What you return should match the data word for word, minus the images.

[INPUT DATA]

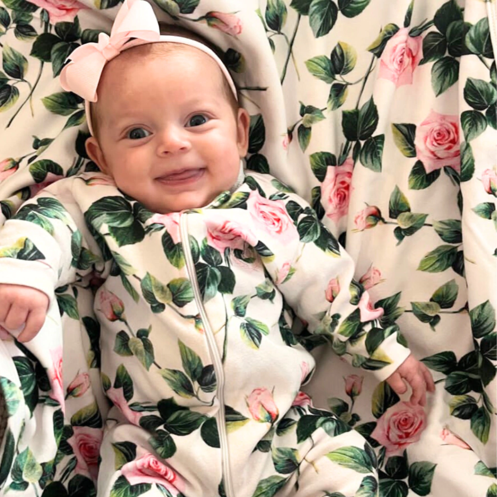 Macacão com zíper, com pé, estampado. Feito em tecido algodão egipcio
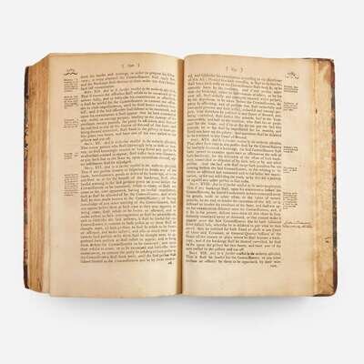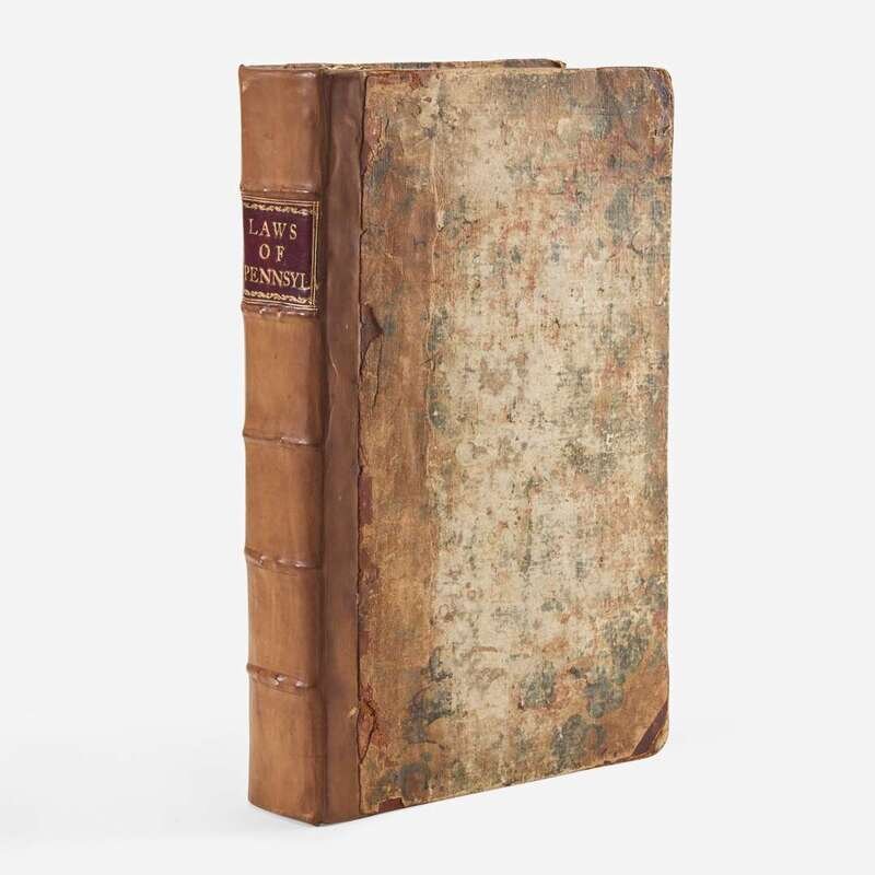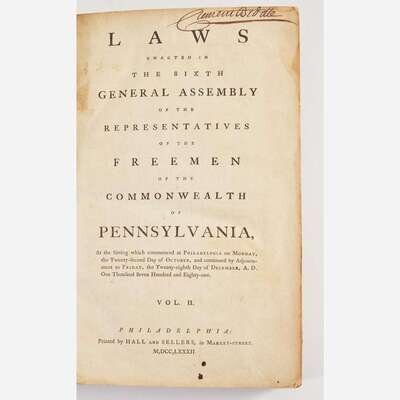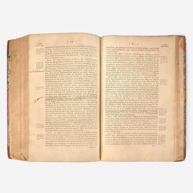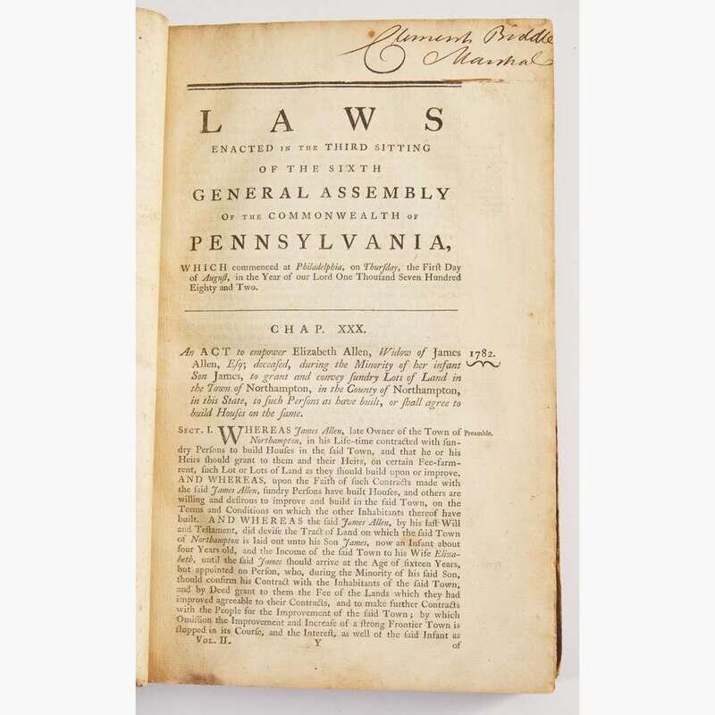 Philadelphia: Printed by Hall and Sellers, and Thomas Bradford, 1782-85. Vol. II. 368, iii, (i), 371-587, (i), iv, 589-704, iii pp. Revolutionary War soldier, Quarter-master General, and the first Marshal of Pennsylvania, Clement Biddle's copy, with his signature on front paste-down, head of title-page, p. 85: "Clement Biddle Marshal", and his marginal notes and underlining, mainly toward rear. Contemporary three-quarter brown calf over marbled paper-covered boards, rebacked, red morocco spine label, stamped in gilt, boards worn and rubbed; all edges trimmed; ownership signature of James Tate Esq., surgeon of the 3rd Pennsylvania Regiment, at head of p. 9, open tears to same; open tear, pp. 663/664; scattered light to moderate foxing. Evans 17659
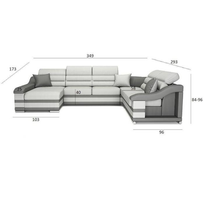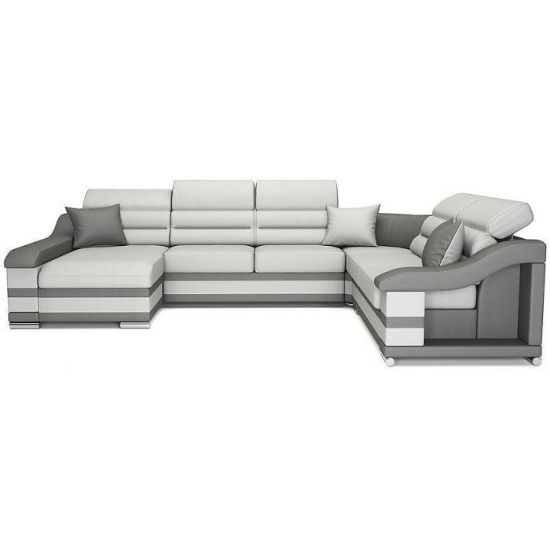 Tapicerka wykonana jest z ekoskóry. Lekko profilowane oparcie, ruchome zagłówki -poprawią jakość wypoczynku. Małe ozdobne poduszki oraz dwukolorowe wstawki świetnie współgrają z całą konstrukcją nadając jej nietuzinkowego charakteru. Kanapa narożna Hamilton to doskonały wybór do Twojego salonu!

[/INPUT DATA]

_WRITTEN REPLY_:
 Macacão com zíper, com pé, estampado. Feito em tecido algodão egipcio
 Philadelphia: Printed by Hall and Sellers, and Thomas Bradford, 1782-85. Vol. II. 368, iii, (i), 371-587, (i), iv, 589-704, iii pp. Revolutionary War soldier, Quarter-master General, and the first Marshal of Pennsylvania, Clement Biddle's copy, with his signature on front paste-down, head of title-page, p. 85: "Clement Biddle Marshal", and his marginal notes and underlining, mainly toward rear. Contemporary three-quarter brown calf over marbled paper-covered boards, rebacked, red morocco spine label, stamped in gilt, boards worn and rubbed; all edges trimmed; ownership signature of James Tate Esq., surgeon of the 3rd Pennsylvania Regiment, at head of p. 9, open tears to same; open tear, pp. 663/664; scattered light to moderate foxing. Evans 17659
 Tapicerka wykonana jest z ekoskóry. Lekko profilowane oparcie, ruchome zagłówki -poprawią jakość wypoczynku. Małe ozdobne poduszki oraz dwukolorowe wstawki świetnie współgrają z całą konstrukcją nadając jej nietuzinkowego charakteru. Kanapa narożna Hamilton to doskonały wybór do Twojego salonu!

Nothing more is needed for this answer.